I can tell you it takes me and 1 other guy less than 3 hours to do a roll stomp knockdown, AND roll coat the walls in a 3 car garage--is that considered extremely fast?? Now you got me thinking?? Since our average new construction homes here in my end of ohio are only around 2200-2700 sq ft. I can tell you that when those homes get roll-stomp ceilings, they get textured and power sanded in 1 day 100% of the time no exceptions, than we finish sand and look over the next days.ALWAYS. Does this sound about right? The only factor is I can tell you that my finishers are NON smokers and all ex-athletes-bodybuilders.
Only some of my hangers are boozers.? Is that sound unrealistic? If so I am extremely flattered. Certainly not trying to brag at all. How long does it take you? I always had this silly theory--you never do it any better going slower.:thumbsup:


----------



## Mud Master (Feb 26, 2007)

Well, King ya got me there..here in Maryland texturing is unheard of in new construction. Only time it gets done is if a homeowner requests it in a exsisting home from years ago. I can do stipple and popcorn, from previous employment..15 years ago lol.

Phisner..where ya located? I would be interested in that!!

Doug..I have thought about it MANY times. I will paint if I do something for a contractor that does not have anyone to do it, or if it makes it easier on them, but with my regular builders and developers..they have large industrial painters that bang out 2 or 3 shells a day. It did cross my mind at one time to start another division, however I got tied up with my builders, and it never happened.

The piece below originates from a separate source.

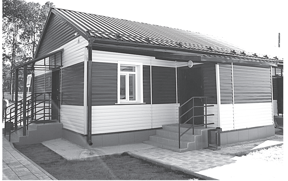
Дом культуры (д. Быстрая)

I have expanded into building FIREWALLS in between the tenant shells, which is a specialty, as there are only 4 or 5 contractors in the area that do it. Also, EIFS(Dryvit) is really taking off here, and my superintendent and I know how to do it from working for an drywall & EIFS contractor togeather at one time. Plus my developers have a real problem finding a good contractor to perform all thier EIFS installations. So lately I have been thinking about opening up an EIFS division, working strictly for the same guys I do now. It would require expanding a little larger and faster than I planned, but we will see. I was going to start a thread on this in the General Discussion, but I never got the chance. But that is what has been going through my mind lately as far as expansion. It would just make me that more versitile.


----------



## boman47k (Oct 13, 2006)

My bad King. I think I was thinking hanging and finishing. I'm not a drywaller per se. Have done a little. Very little relatively speaking. I know spray texturing goes real fast under the right circumstances. Only experience there for me is my lr ( too heavy) and my washroom/ breakfast nook (too light).


----------



## phinsher (Oct 27, 2005)

MudMaster,
I'm over on the eastern shore, about 90 minutes from B-more. I've got a good bit of experience in commercial painting, but specialize in residential stuff now. Shoot me a PM if you want to set something up.


----------



## 1KingOfDrywall (Jan 14, 2007)

*boman47k......*

Elaborate a little more on your sanding question. I do a ton of repairs-restorations etc, I may have your answer,but I was kinda unclear on your question. Provide a few more specifics.:thumbsup:


----------



## boman47k (Oct 13, 2006)

Sometimes in the older houses there are years of paint buildup (trash/boogers, different nap lengths,etc..). Many times these walls are left with a rough texture and it seems 220 grit might be a little fine and leaves a smooth section of wall which shows as a diiferent shade of paint regardless of primer. I just experienced this. I sanded and painted the whole wall to make it look better. Pretty much took care of the problem.


----------



## AtlanticWBConst (Mar 29, 2006)

Why stop at hanging and taping?

My point is: Why limit yourself to just the needs of 'one' field. 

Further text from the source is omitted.